Researchers exposed 20 bonnetheads to magnetic conditions that simulated areas hundreds of miles away from where they were caught off Florida. Sharks began to swim north when the magnetic cues made them think they were south of where they should be. Robert Hueter, senior scientist emeritus at Mote Marine Laboratory & Aquarium, who was not involved in the study said that the finding is compelling.

Hueter said the study is needed to find how the sharks use the magnetic fields to determine their location and whether larger, long-distance migrating sharks use a similar system to find their way. He also raised the question that even if the sharks are sensitive to magnetic orientation, do they use this as a natural Global Positioning System to navigate in the oceans and how do they use it? The authors of the study have made progress in these findings.

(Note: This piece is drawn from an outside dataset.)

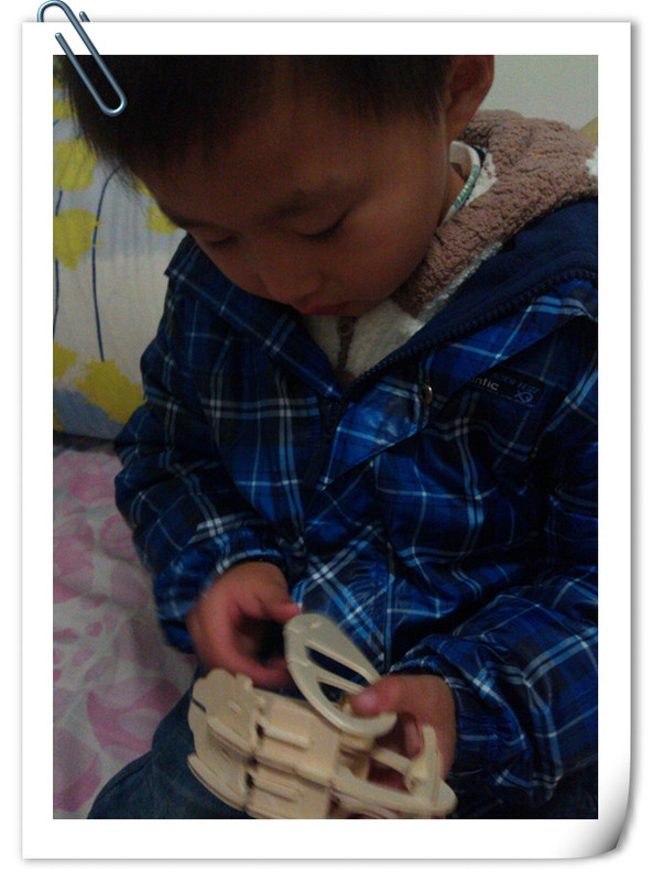 这个木制拼装积木,是在一次活动中得到的奖品,当时点点还小,还不能独立完成这样的拼装积木,所以我就等点点大一点再给他玩吧。星期天的时候,点点就想要拼装这个积木,可是爸爸妈妈没有时间陪点点一起做,点点拆开来了没有自己看图纸做,就算是自己做也要大人在旁边指导一下的,凭他自己看图纸自己制作好像还不能独立完成。于是昨天晚上,我们拿出积木,妈妈陪点点一起做,首先我们打开积木,我发现积木少了几片,还到处找,找到了每一片积木,我们才能开始拼装。

Keller said the study could help inform the management of shark species, which are in decline. A study this year found that the worldwide abundance of oceanic sharks and rays dropped more than 70% between 1970 and 2018.Researchers say the bonnethead’s reliance on Earth’s magnetic field probably is shared by other species of sharks, such as great whites, that make cross-ocean journeys. Scientists said that bonnetheads evolved with a magnetic sensitivity and other traveling sharks did not.